- Born: 1400 Prussia, State of the Teutonic Order
- Died: 1461 (aged 60–61)
- Noble family: Clan of Ostoja

= Jan z Jani =

Medieval voivode of Pomerelia

Jan z Jani (Joannes de Janie in Medieval Latin, Jan von der Jane in German) (1400-1461) - of the Clan of Ostoja was the first Polish voivode of Pomerelia (from 1454 to 1461) and one of the leaders of the Prussian Confederation, serving as a commander in the Thirteen Years' War.

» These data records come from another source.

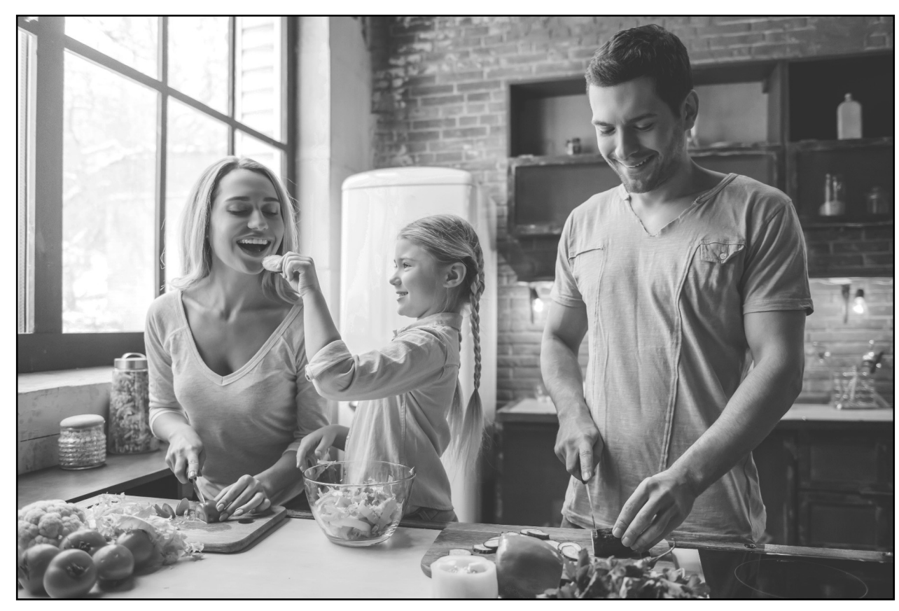
Stay healthy this holiday season by following these steps.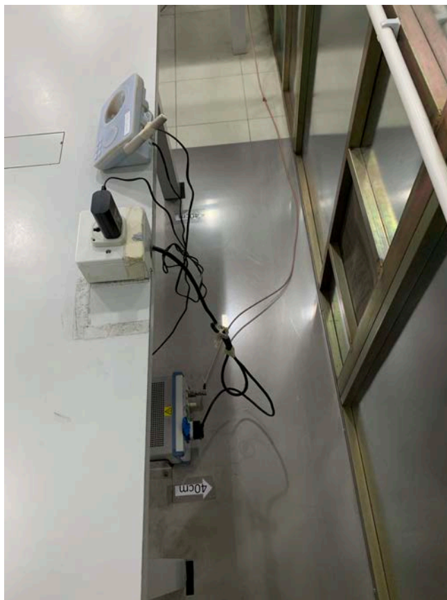
Side View 2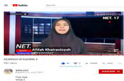
Figure 4. News report on Youtube

All seminar processes were carried out completely in English. In addition, the media team worked on the program, interviewed speakers and seminar/talk show participants. The audiences were asked on their impressions about the event and also the general messages they wanted to convey, including feedback on the performances. Interviews and the coverage of this event were then published on social media such as YouTube as shown in Figure 4. This coverage was part of the exam assessment, especially related to how to be a journalist (news report), one of the skills taught in the Speaking 3 course.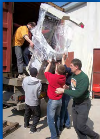
Unloading in Ivano- Frankivsk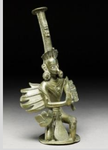
Incense holder in the form of Garuda (EAX.281)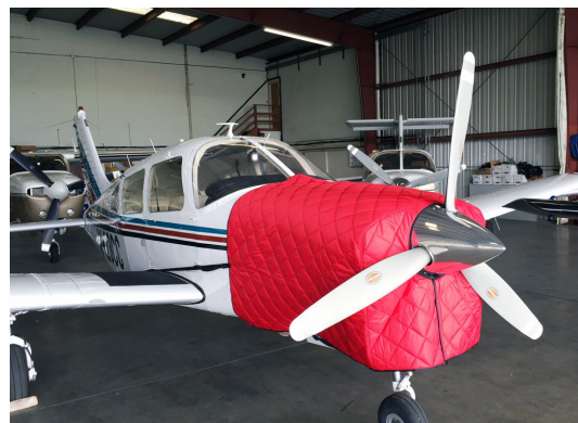
FOR INTERIOR USE. Piper PA-28 insulated Hangar Blanket, available in Red or Silver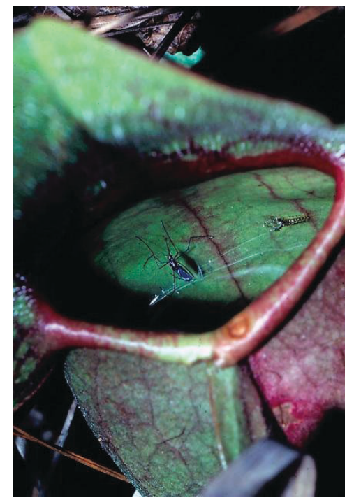
Figure 15. Adult female Wyeomyia smithii in leaf of purple pitcher plant.

Like its sister species W. mitchellii , immature W. vanduzeei can be found in bromeliads native to Florida as well as in the water-filled tanks and leaf axils of exotic ornamental bromeliads that have been imported into Florida. The range of this species on the Florida peninsula is similar to that of its sister species W. mitchellii , but the preferred habitats of the two species differ in sun/shade exposure, with W. vanduzeei (Figure 16) being more prevalent in bromeliads exposed to more sun compared to W. mitchellii (Frank and O'Meara 1985).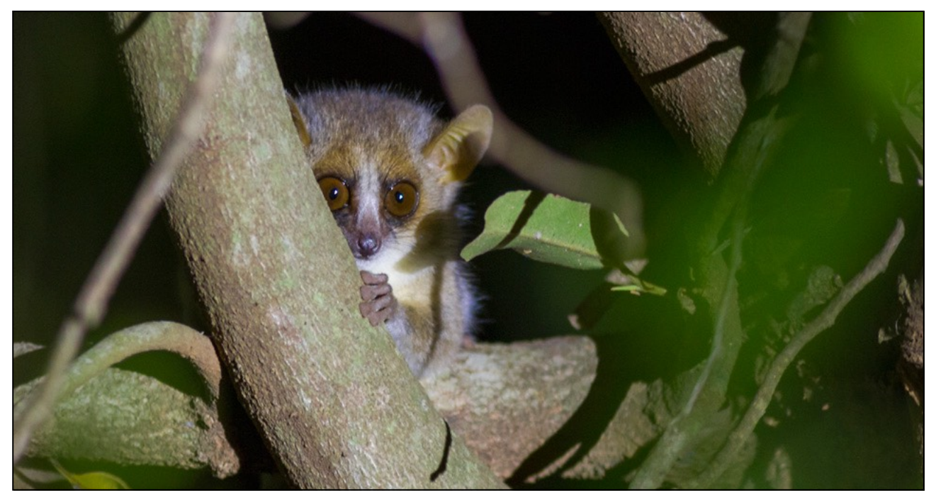
Gray Mouse Lemur during the second night hike at Berenty Reserve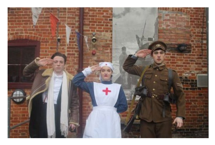
Time and Tide Museum's award-winning learning programmes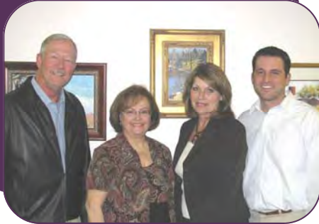
2011 Executive Committee

The Community Foundation is made up of tremendous leaders. They are our volunteers, our contributors, our Board of Directors, our staff. They are those who give of themselves so that we can continue to enhance life in our outstanding region. The volunteers at the Community Foundation are a diverse group of dedicated individuals, each bringing their own skills and expertise to enhance our work. They are part of everything we do. They oversee investment strategies, review scholarship and grant applications, advise on policies and procedures and create relationships. We are humbled by their ongoing and deep commitment, and we thank them for their tireless efforts on our behalf.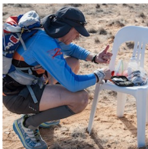
Blood Glucose testing

If you think we don't then, try doing the Big Red Run a 250K race across the Simpson Desert and then add into that type 1 Diabetes.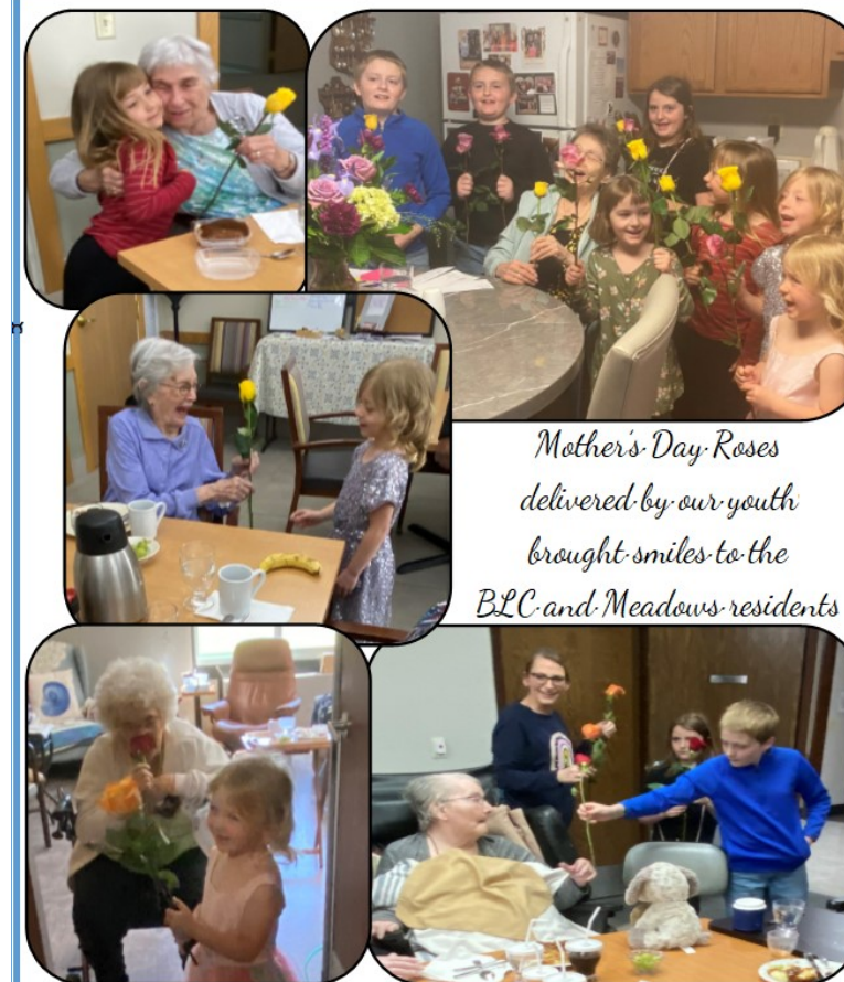
Mother's Day Roses delivered by our youth brought smiles to the BLC and Meadows residents

FREE-WILL OFFERING + SILENT AUCTION ALL SUPPORT AND PRAYERS APPRECIATED.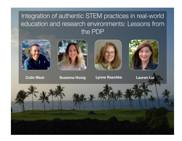
Figure 4: Panel introduction slide at the ISEE conference on Advancing Inclusive Leaders in STEM.

provide a structure to make such interventions both equitable and effective.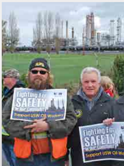
Protecting the union and the environment page 4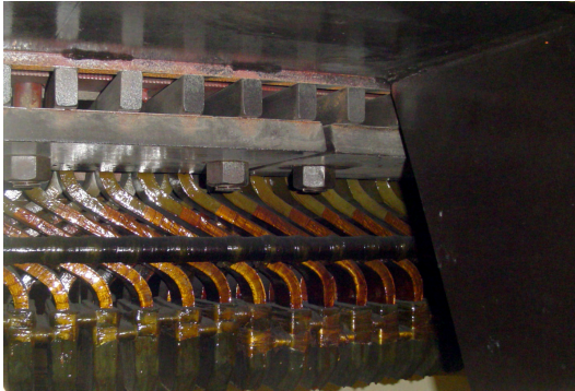
Figure 6—The hot spot was located at the endcaps of the generator stator winding, and the heat radiated toward the RTDs located above.

tion as to what was happening with that RTD. The customer considered changing the RTD being monitored by the existing relay, but decided, instead, to install the SEL technology, which can give alarms and tripping on all RTDs simultaneously,” Rauch explains.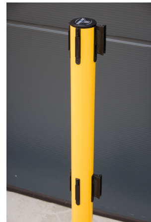
Pict. 3: GLA 250-E/17-4,0

Base weight made of recycled compound material Post tube can be recycled at 100 %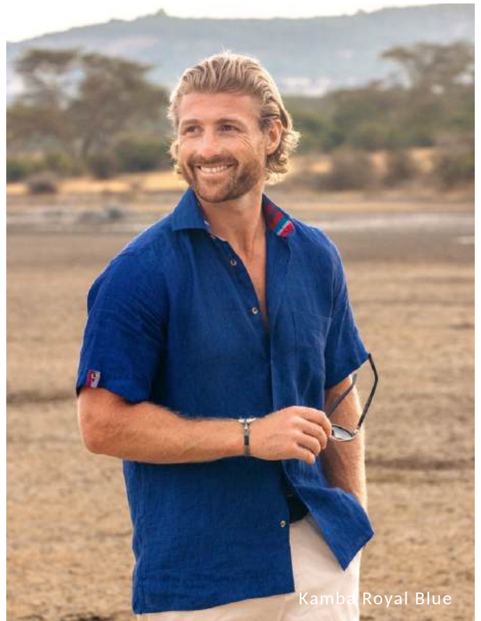
Kamba Royal Blue

All 100% Linen Short Sleeve Shirts | £99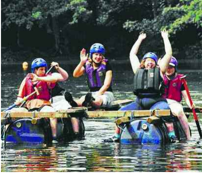
In 2005, Legal & General supported the Royal National Institute for the Blind (RNIB) Vacation Schemes.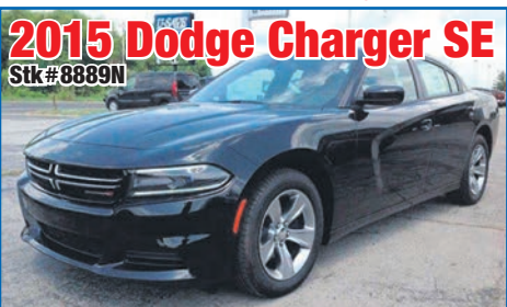
2015 Dodge Charger SE Stk #8889N

MSRP - $33,990 Discounts & Rebates - $2,261 $31,729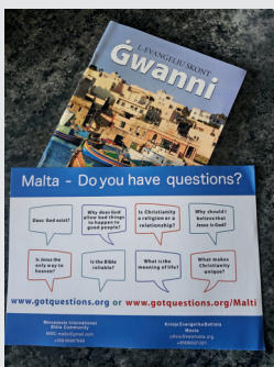
Gospel of John in Maltese and flyers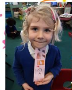
The children loved making bookmarks!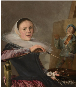
Judith Leyster Dutch, 1609 - 1660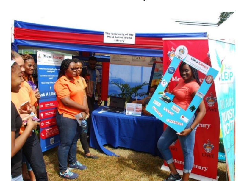
Students visiting the Library's Booth at the Orientation Village

The general orientation of undergraduates at the Mona Campus was held on August 23 and 24, 2018. The Library's activities for orientation included, a booth at the UWI Mona Orientation Village; a treasure hunt in all libraries; library tours; welcoming décor in the Main and branches; UWILinC sessions for one week; and Hall of Residence Librarian presentations to first year students on halls over an extended period. The orientation of postgraduates took place August 31, 2018 at which they were informed of the Library's services and facilities and which was a huge success. The WJC Branch also participated in orientation activities at the WJC Campus.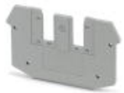
Basic terminal block, length: 63.5 mm, width: 1.5 mm, color: gray

Basic terminal block - D-UDK-RELG - 2777027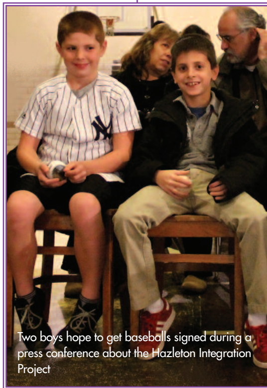
Two boys hope to get baseballs signed during a press conference about the Hazleton Integration Project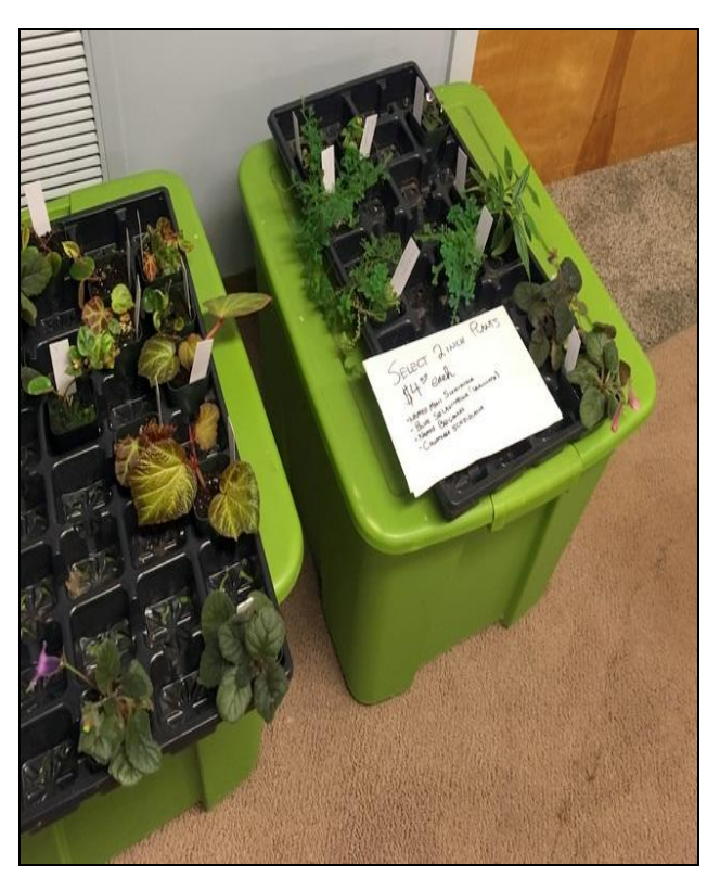
Our first meeting with plants for sale . Members enjoyed buying Dave's plants at $4.00 with our group receiving 25%.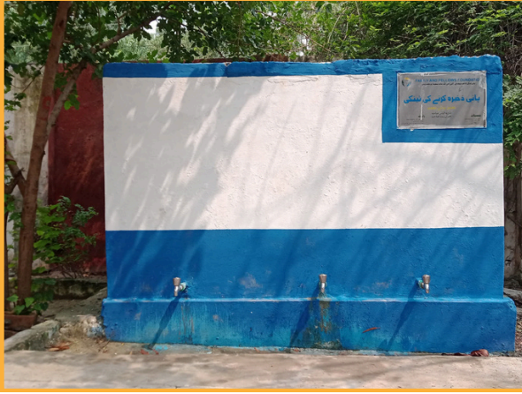
Water Storage Tank at Govt High School Chakshadi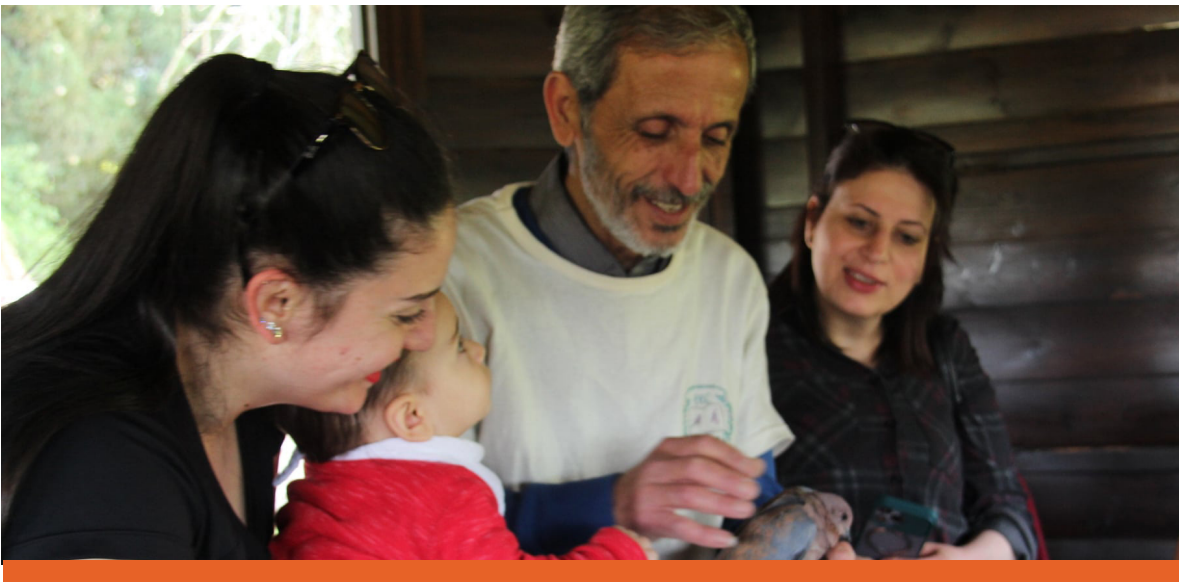
Evangelical Lutheran Church in Jordan and the Holy Land raises awareness about peaceful coexistence.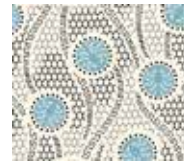
7326-B ¾ yd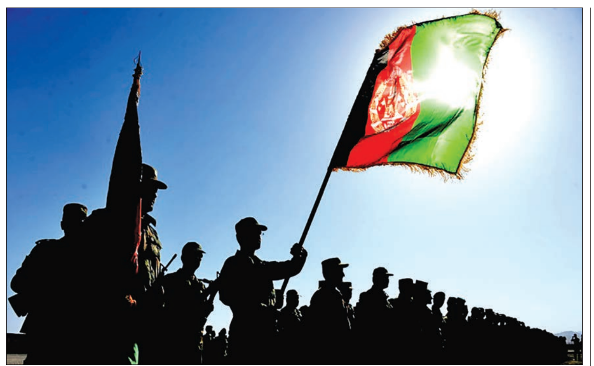
Afghan President Ashraf Ghani said the prisoner release would 'pave the way' for unofficial talks with the Talihan

12 ASIA 13 NOVEMBER 2019 THE GLOBAL NEW LIGHT OF MYANMAR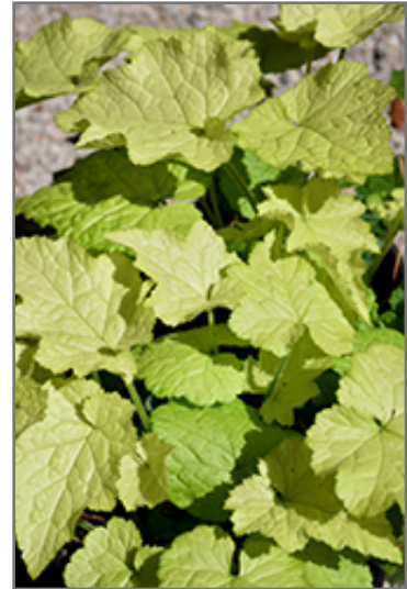
Cool Gold Piggyback Plant foliage

When grown indoors, Cool Gold Piggyback Plant can be expected to grow to be about 16 inches tall at maturity extending to 24 inches tall with the flowers, with a spread of 5 feet. It grows at a fast rate, and under ideal conditions can be expected to live for approximately 10 years. This houseplant performs well in both bright or indirect sunlight and strong artificial light, and can therefore be situated in almost any well-lit room or location. It prefers to grow in average to moist soil. The surface of the soil shouldn't be allowed to dry out completely, and so you should expect to water this plant once and possibly even twice each week. Be aware that your particular watering schedule may vary depending on its location in the room, the pot size, plant size and other conditions; if in doubt, ask one of our experts in the store for advice. It is not particular as to soil type, but has a definite preference for acidic soil. Contact the store for specific recommendations on pre-mixed potting soil for this plant.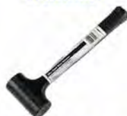
2 lb Deadblow Hammer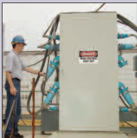
Meltric plugs and receptacles are durable in harsh environments.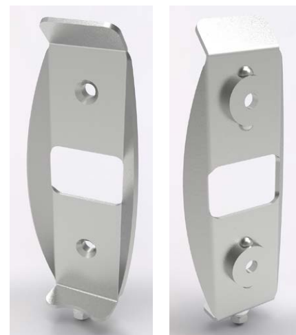
Magnetic Clamp Storage Point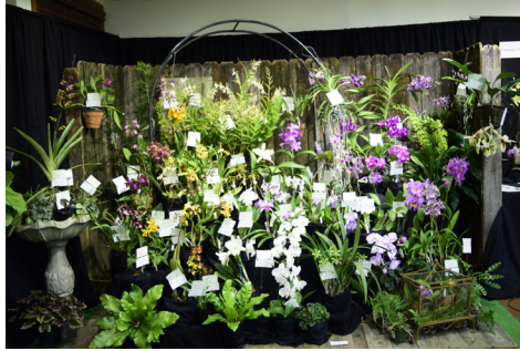
Baton Rouge Orchid Society took first place with this breathtaking display.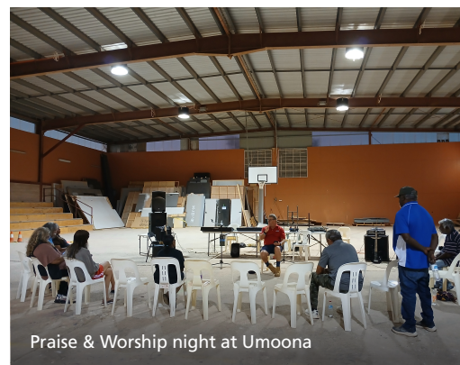
Praise & Worship night at Umoona

Again, thank you so much for praying for this ministry, we have zero chance of it succeeding without God's agency and your prayer support.. I also want to mention the partnership between the Diocese of Willochra (SA) and BCA and the ongoing backing that provides for us.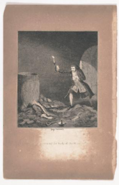
Title: Abel Beechcroft Discovering the Body of the Miser in the Cellar, illustration for The Miser's Daughter by William Harrison Ainsworth Date: 1842 Primary Maker: George Cruikshank Medium: etching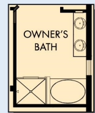
OPTIONAL SEPARATE TUB AND SHOWER AT OWNER'S BATH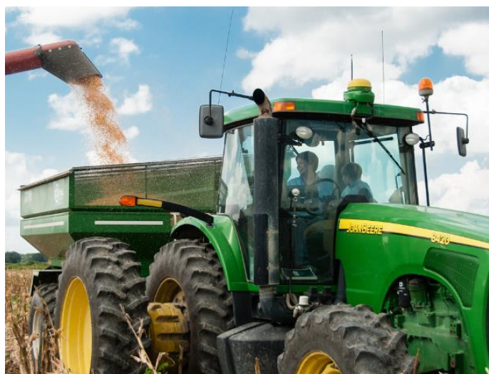
农业机械 Agricultural Machinery

He was also the Lord of Regality of Tczew, Nowe and Kiszewskie, Lord of Starogard, Rabelnaw, Robaw, Pancze, Wonental, Szwarczenwalt, Weisenwalt, Moealwalt, Landesende, Turze, and Lord of Gniew.

Jan z Jani's origin was from a noble family that entered the Clan Ostoja through marriage with the sister of Mikołaj Szarlejski, who was part of the Clan of Ostoja and Duke of Inowrocław and Kujawy, Lord of Bydgoszcz, and member of the Prussian Confederation. Together with Szarlejski, Jan z Jani raised army units in Pomerania during the Thirteen Years' War and the conflict with the Teutonic Knights. He also cooperated with another member of the Clan of Ostoja, Stibor of Poniec, Lord of Regality of Greater Poland and the renowned diplomat in order to raise funds to attack Malbork, the headquarters of the Teutonic Knights.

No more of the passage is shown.